A Year in Shorts Day 150: "Triangle"

When it comes to controversial Oscar choices, they don't come more hotly contested than the decision to award Best Picture to Forrest Gump. While that movie was certainly popular upon release, and remains well loved to this day, you don't have to look very hard to find someone to tell you that Pulp Fiction was clearly far more deserving of that honor that year. I'm certainly one of them. (Still other people will tell you that The Shawshank Redemption was the TRUE Best Picture of 1994, despite the fact that it's really only marginally better than Forrest Gump). The debate rages to this day, and probably will until the sun dies. This stands in stark contrast to the total lack of debate surrounding that year's category for Best Animated Short. Admittedly that category attracts very little controversy (or attention) in general, but even among Oscar enthusiasts I can't imagine there are many people who won't agree that Bob's Birthday rightfully took home the trophy that year. Especially when films like Erica Russell's Triangle were among its competition. 

(via Film Affinity)

Triangle is definitely one of the more obscure shorts we've covered; it doesn't even have a Wikipedia page! According to this article I found, it's the second in a trilogy of films about dance directed by Erica Russell.
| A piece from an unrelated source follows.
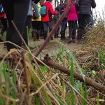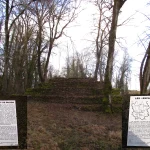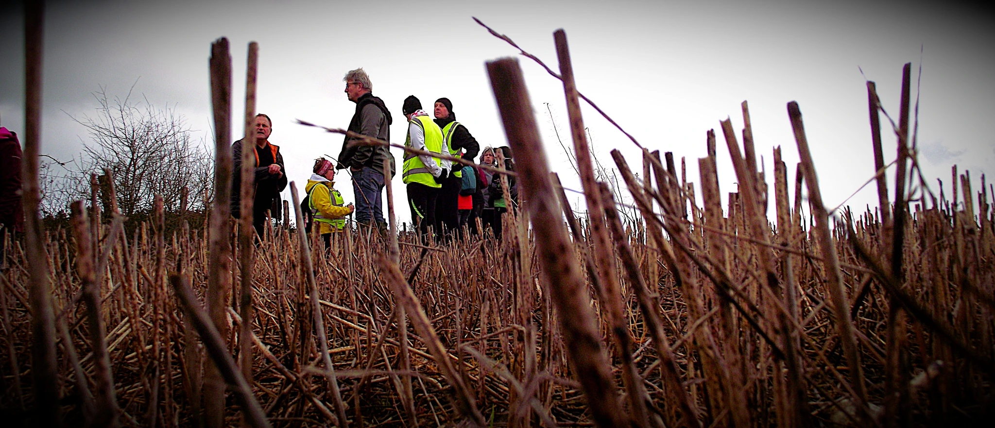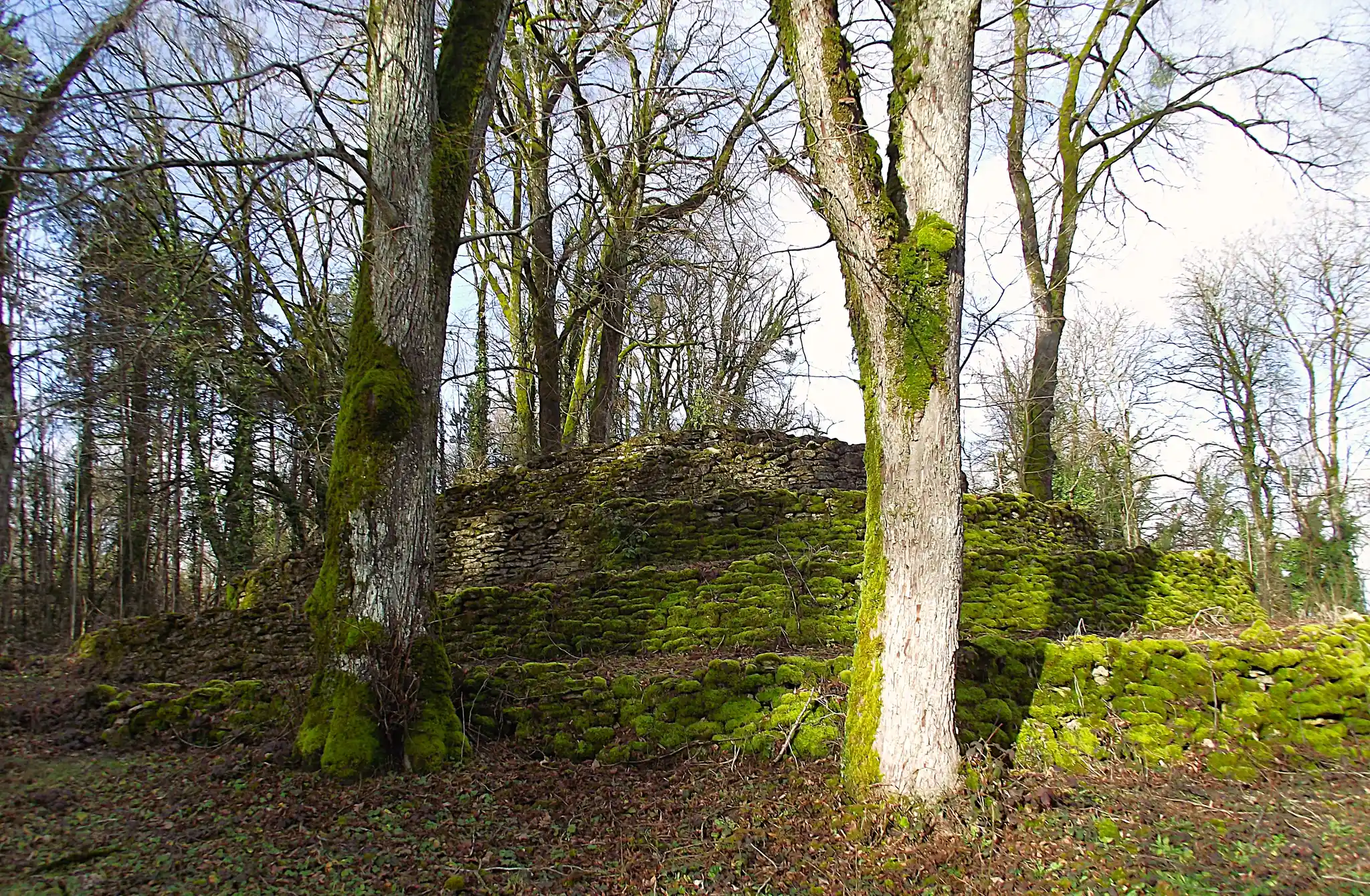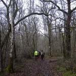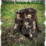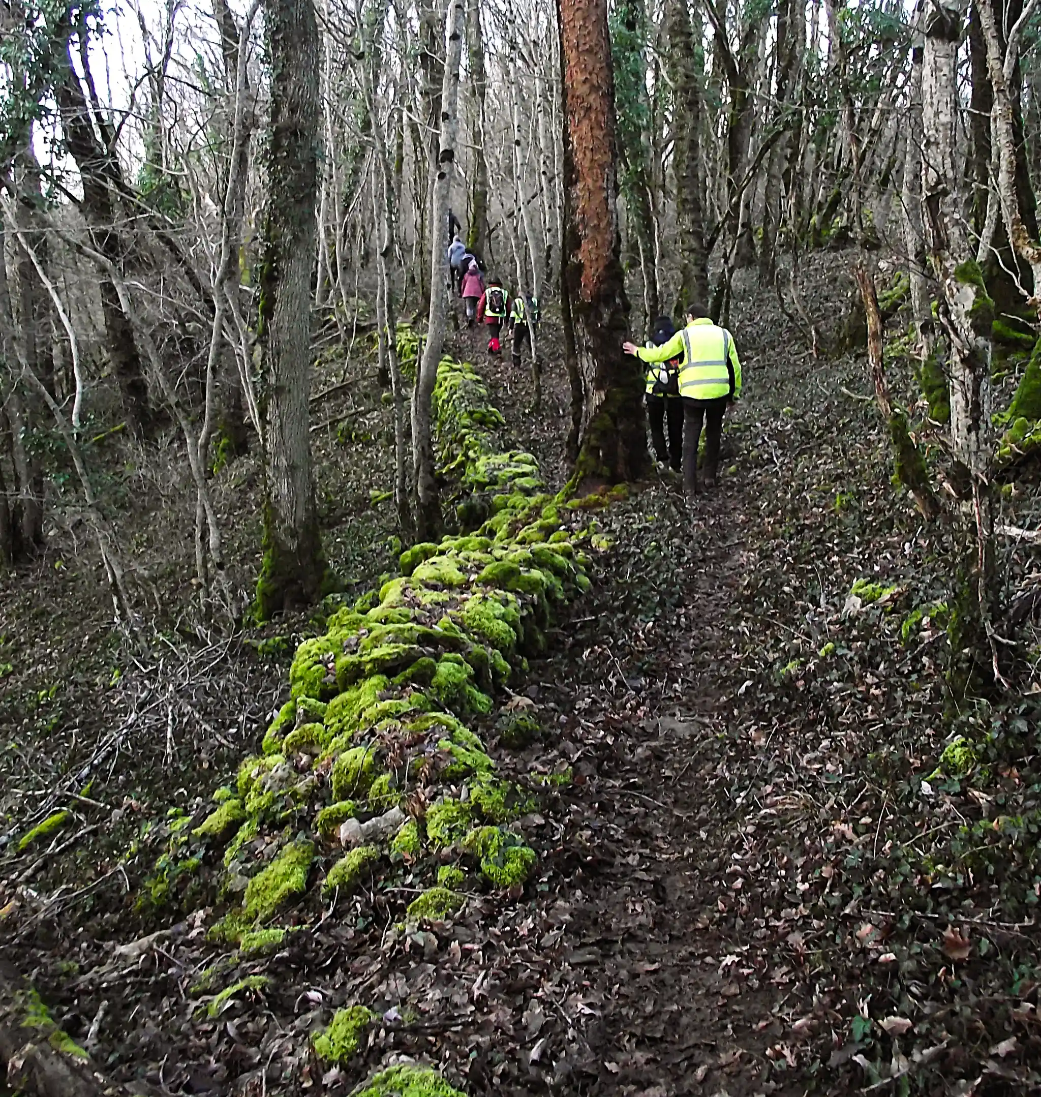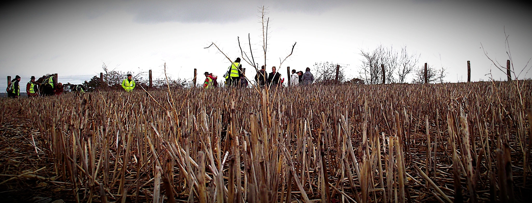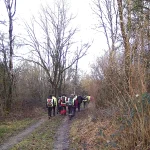 Un détour s’imposait pour visiter l’escargot de Buzon. Avant nous, les marcheurs « champêtres » l’avaient visité le 21 janvier dernier, (voir les commentaires d’Alain S. sur le blog), Ce tertre édifié par les séminaristes de Langres à la fin du 19e siècle servait occasionnellement à des processions saisonnières. Les fidèles s’installaient sur le chemin périphérique en spirale formant terrasse, long de 150 mètres, jusqu’à la plateforme sommitale. Au sommet le « Supérieur » dirigeait la cérémonie sans élever la voix, en raison de la dispersion sphérique naturelle du son de sa voix dans l’air environnent. La table de pierre qui couronnait l’édifice ainsi que divers aménagements installés en périphérie ont peu à peu disparu. Les ormes qui ont été plantés en bordure à cette même époque sont toujours bien vivants.

Watching Triangle I was reminded of a few animated shorts we've covered before- Like Ryan Larkin's Walking, it's a study in human motion. And much like Bill Plymton's Your Face, it's really just an excuse for its director to show off their animation skills. And watching the film, it's clear that she has considerable talent. And yet, for some reason, Triangle doesn't work for me nearly as well as those other two films did.
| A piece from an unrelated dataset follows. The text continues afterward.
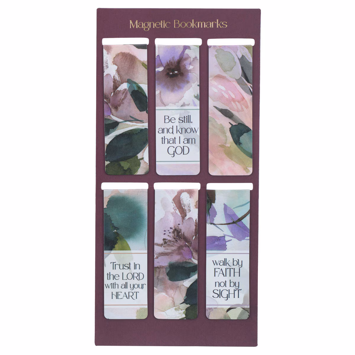 Suaves flores en acuarela con tonos joya realzan los mensajes de fe de los seis marcapáginas del juego. Los siguientes mensajes aparecen en tres de los marcapáginas. Tres marcapáginas solo presentan diseños florales sin texto.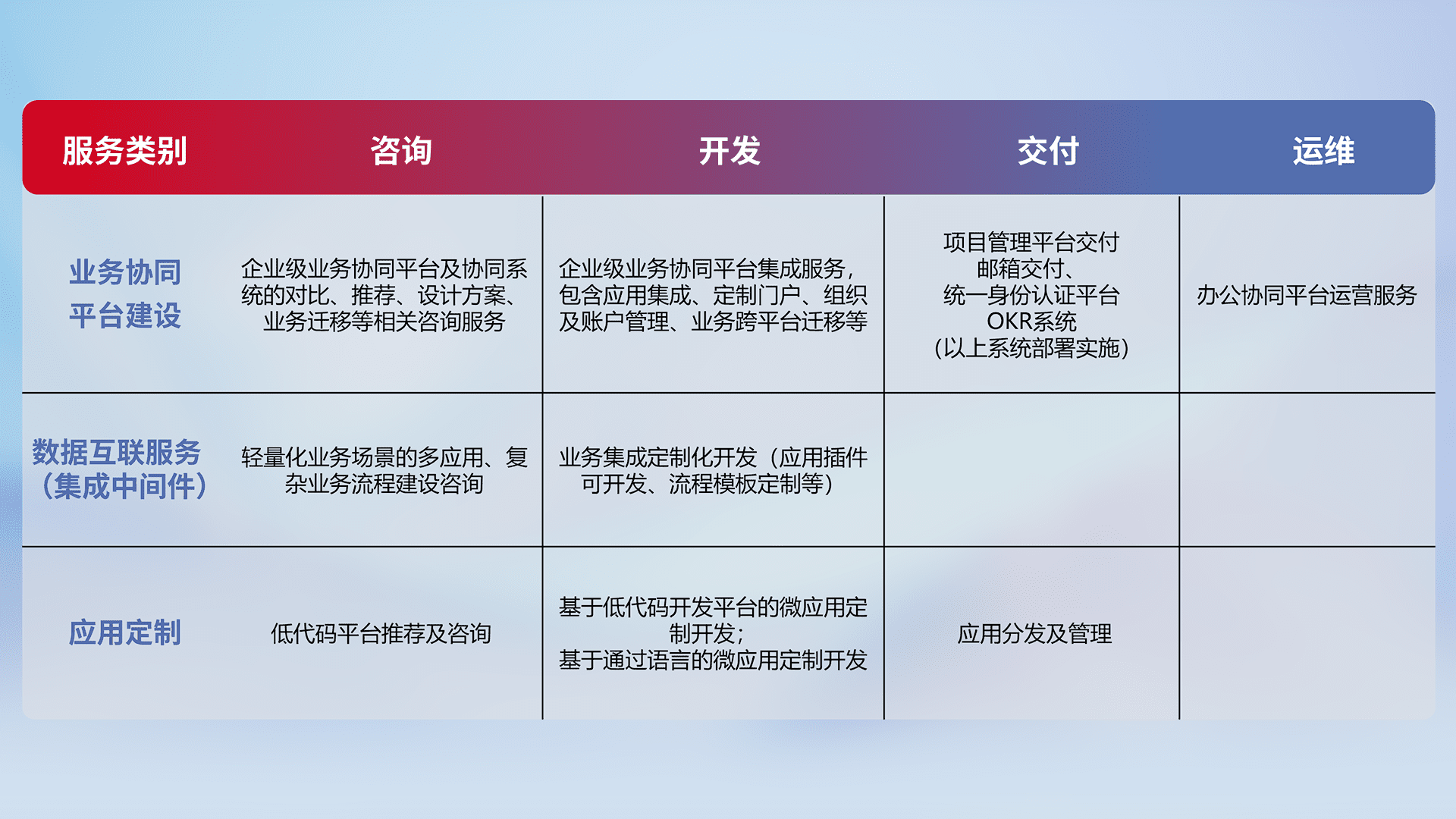 针对钉钉、、、企微、、、、IDaas等平台级产品提供产品的规划、、、方案、、、、交付、、定制化开发等服务,,实现如统一协同办公、、智能客户服务、、混合会议管理、、、智能数据查询、、等业务场景,,,实现数字化转型。。

If I had to guess as to why, I'd say ultimately it comes down to length. At over eight minutes long, a short like Triangle has to get really inventive in order keep your attention. Triangle has some nice visuals, but nothing that sets it apart from similar shorts or justifies its runtime. Maybe it's the music by Charlie Hart, which is appropriately percussive but a little repetitive. Or perhaps it's the fact that the short tries to have a plot, which ultimately distracts from the abstract imagery. With shorts like this, it's hard to pinpoint the exact reasons as to why they don't work for you. They either do or they don't. And for me (and I imagine for a fair amount of people), Triangle really just doesn't work.